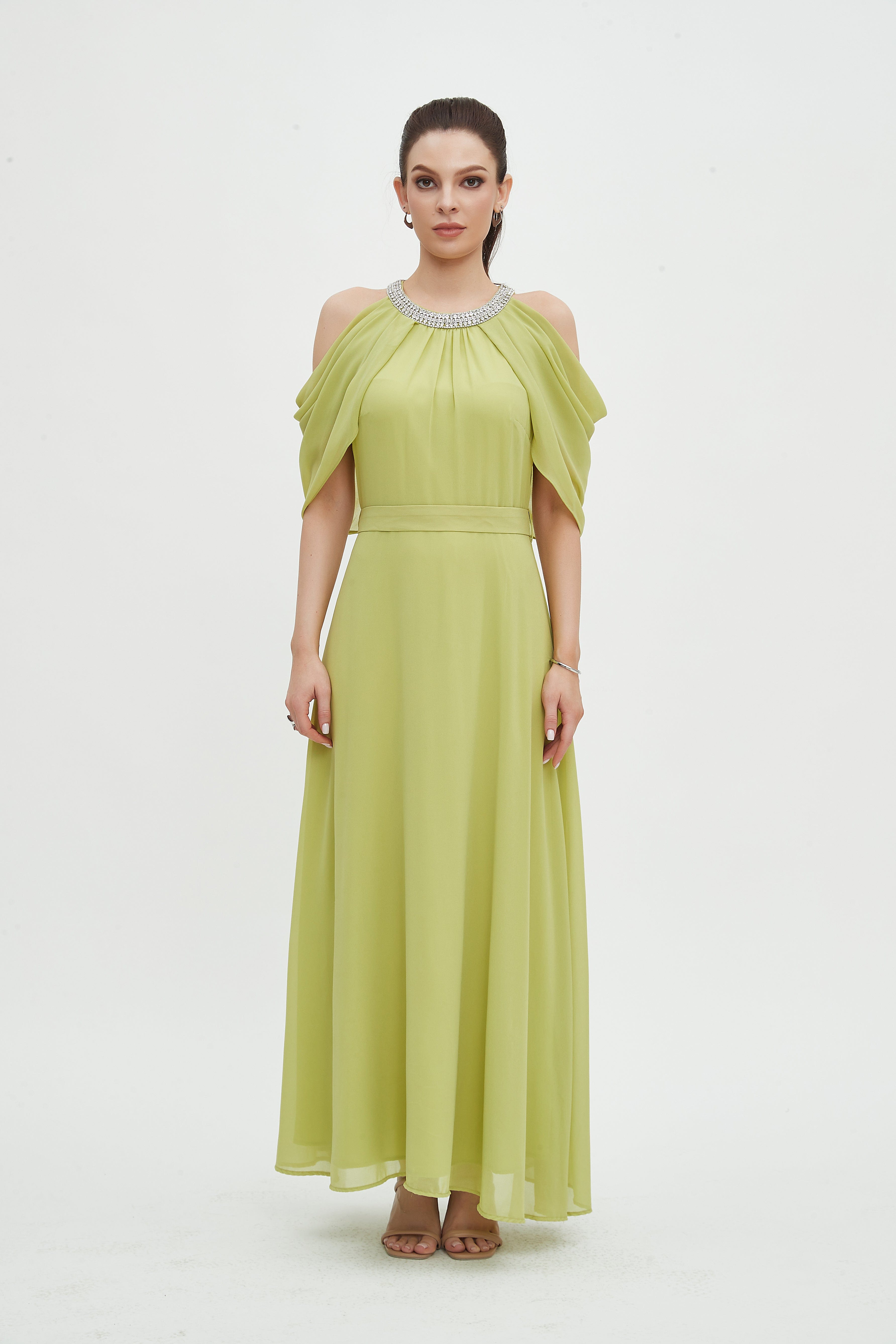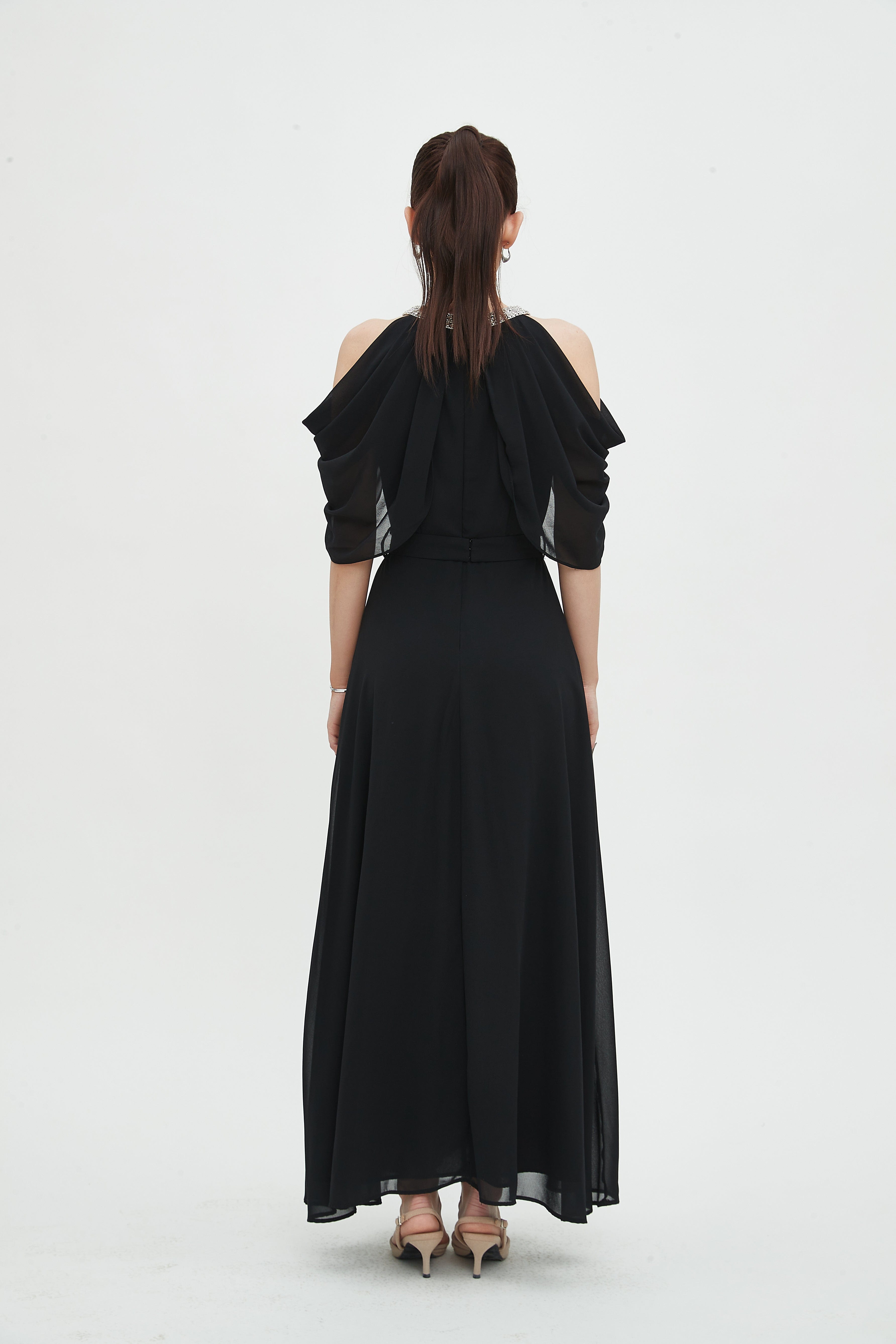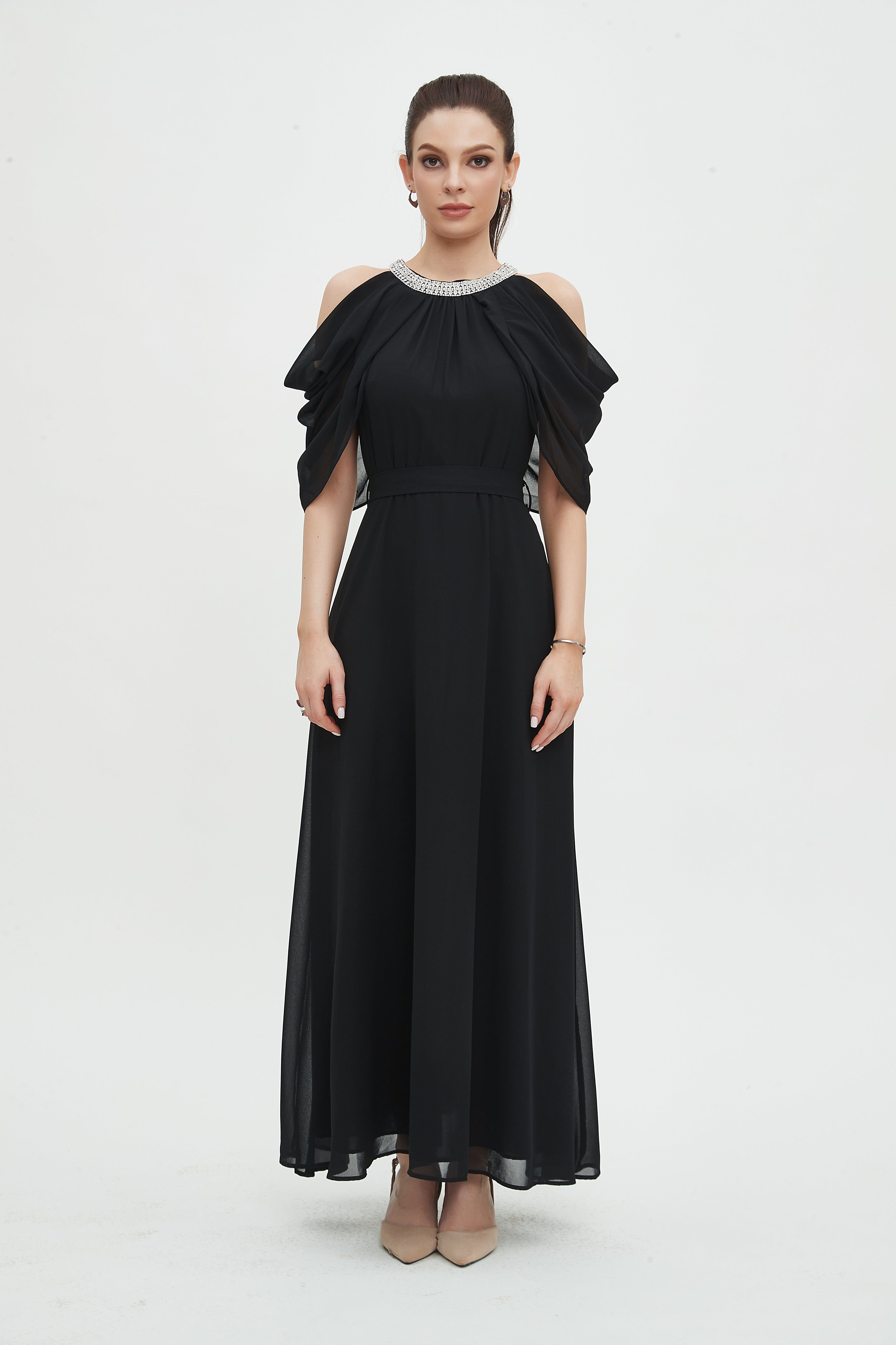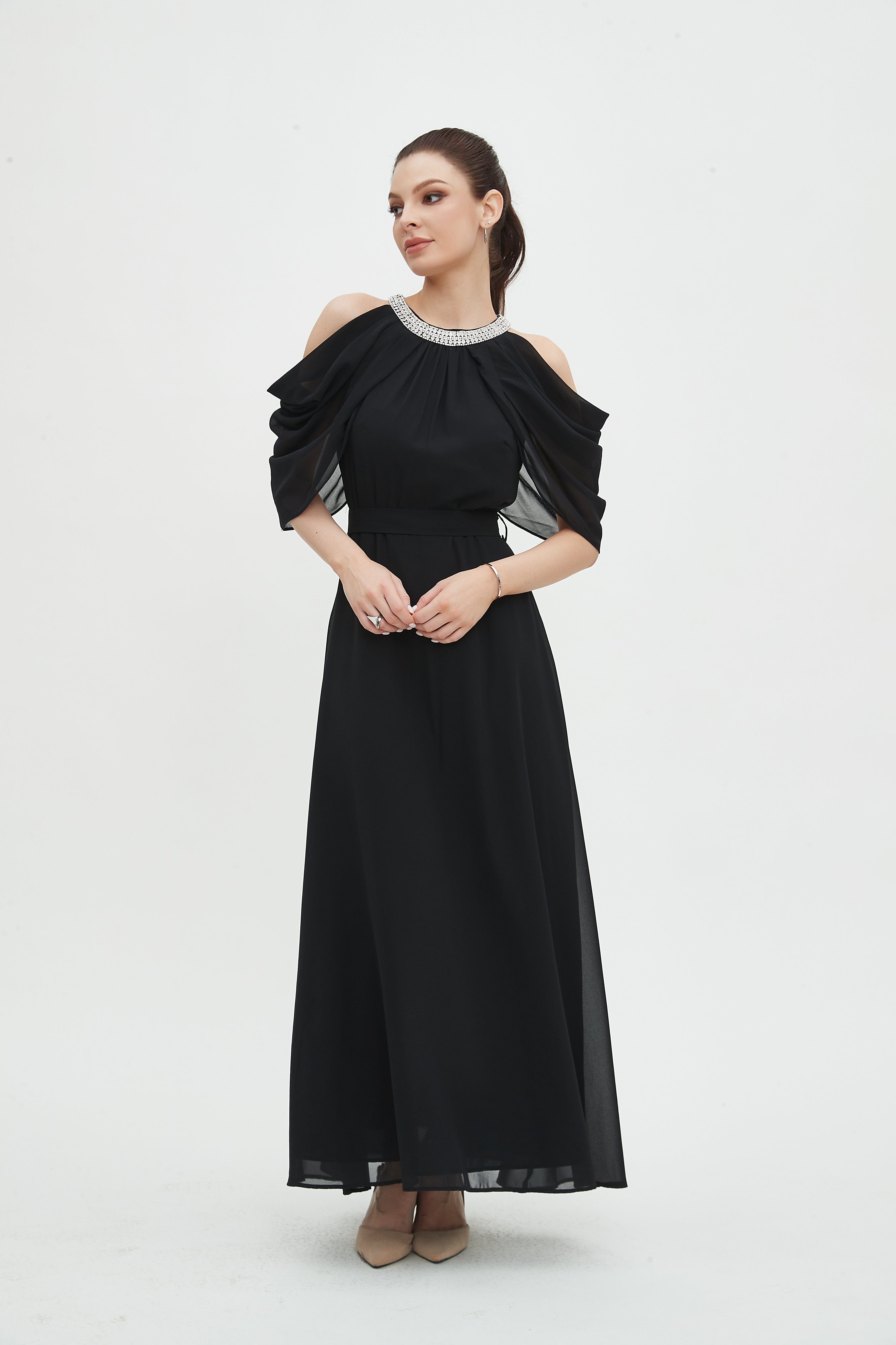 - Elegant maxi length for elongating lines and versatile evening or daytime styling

=======

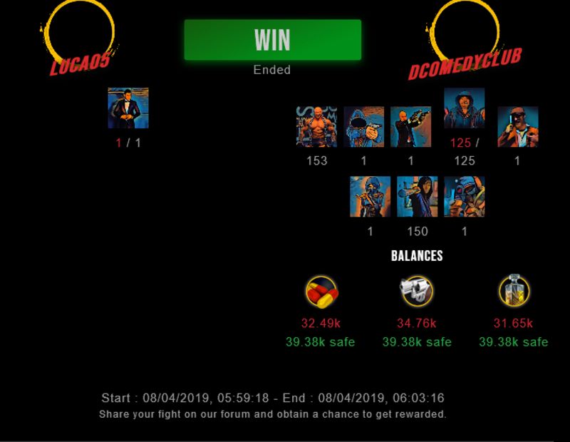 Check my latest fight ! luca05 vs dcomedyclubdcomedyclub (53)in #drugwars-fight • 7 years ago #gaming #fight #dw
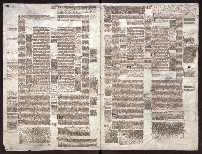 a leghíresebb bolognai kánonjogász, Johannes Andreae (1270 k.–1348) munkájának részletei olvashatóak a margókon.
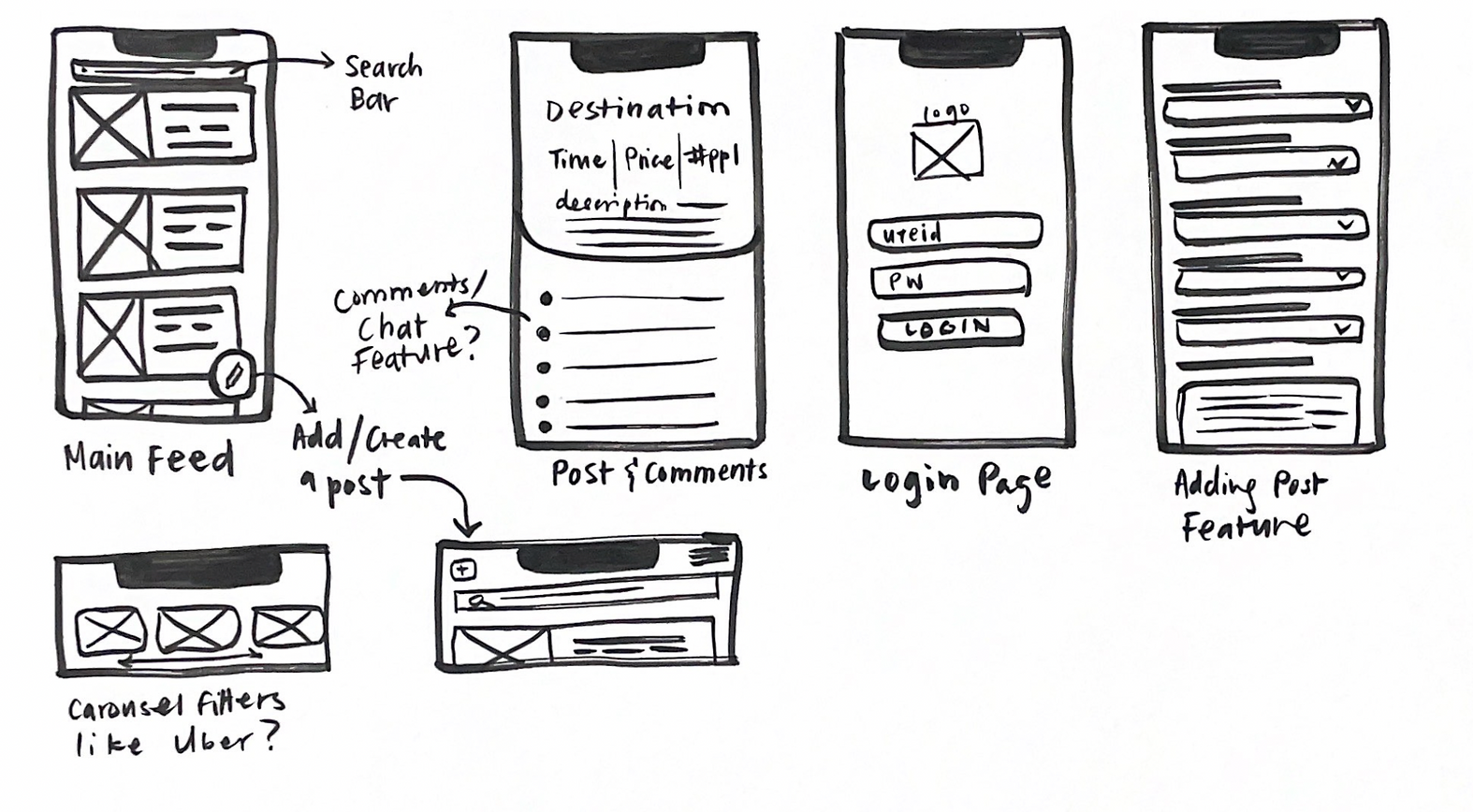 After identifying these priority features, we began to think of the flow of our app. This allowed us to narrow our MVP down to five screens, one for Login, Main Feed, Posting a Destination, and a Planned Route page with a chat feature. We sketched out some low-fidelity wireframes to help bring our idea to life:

=======

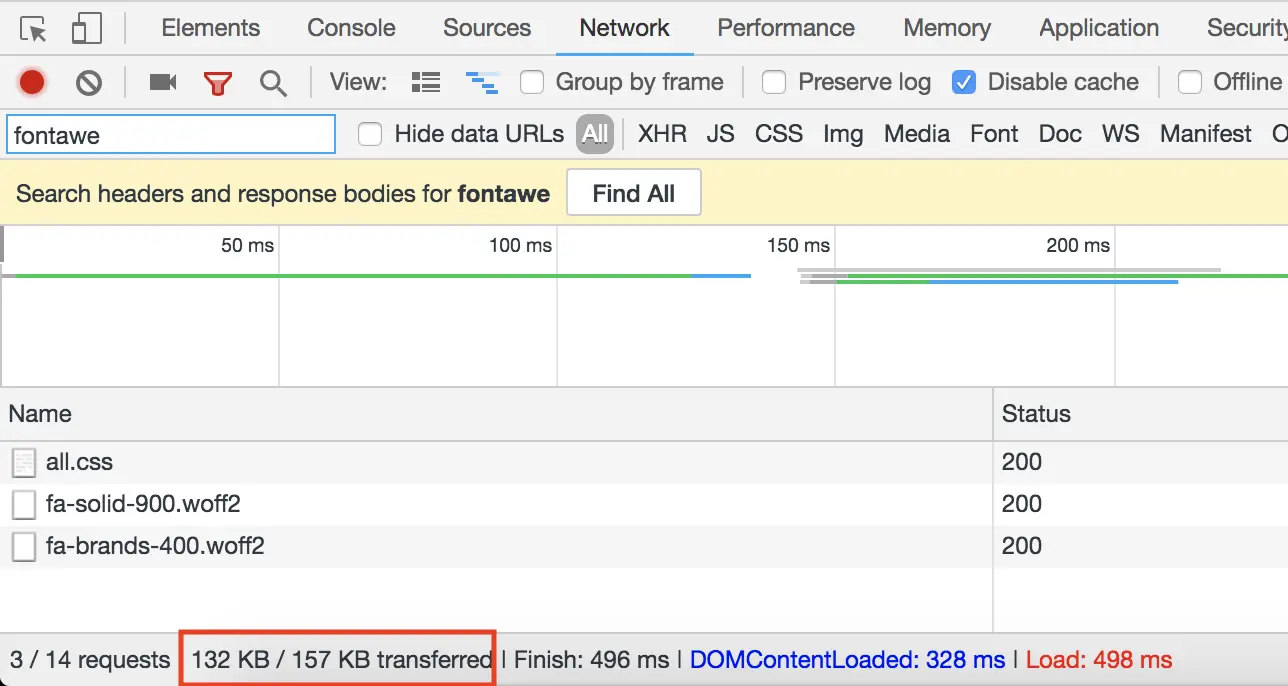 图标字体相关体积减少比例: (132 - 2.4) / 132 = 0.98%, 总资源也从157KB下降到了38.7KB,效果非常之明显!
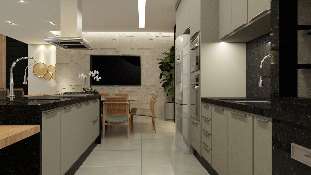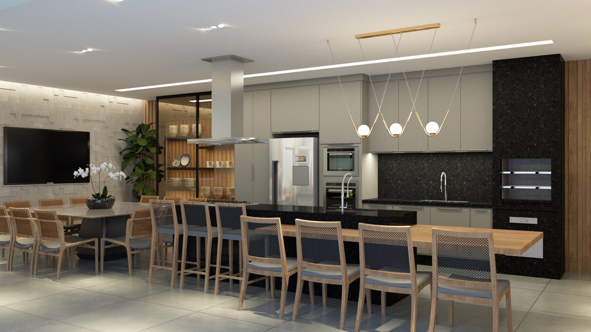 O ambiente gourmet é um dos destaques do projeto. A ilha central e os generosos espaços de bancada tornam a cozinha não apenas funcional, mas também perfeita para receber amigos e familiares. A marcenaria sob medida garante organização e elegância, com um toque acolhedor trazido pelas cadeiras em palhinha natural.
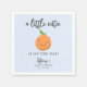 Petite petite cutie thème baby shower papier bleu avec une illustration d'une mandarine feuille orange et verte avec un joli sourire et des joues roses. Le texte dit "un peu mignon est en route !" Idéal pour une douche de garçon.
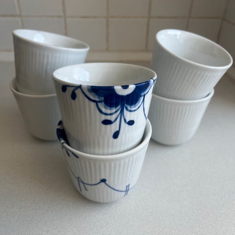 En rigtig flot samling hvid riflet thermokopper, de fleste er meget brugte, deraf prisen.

=======

TRY IT:
Reproduce, word for word, only the lines in the records above from the line with "Petite petite cutie" through the line with "En rigtig flot", including both ends; omit the pictures.

EXERCISE OUTPUT:
 Petite petite cutie thème baby shower papier bleu avec une illustration d'une mandarine feuille orange et verte avec un joli sourire et des joues roses. Le texte dit "un peu mignon est en route !" Idéal pour une douche de garçon.
 En rigtig flot samling hvid riflet thermokopper, de fleste er meget brugte, deraf prisen.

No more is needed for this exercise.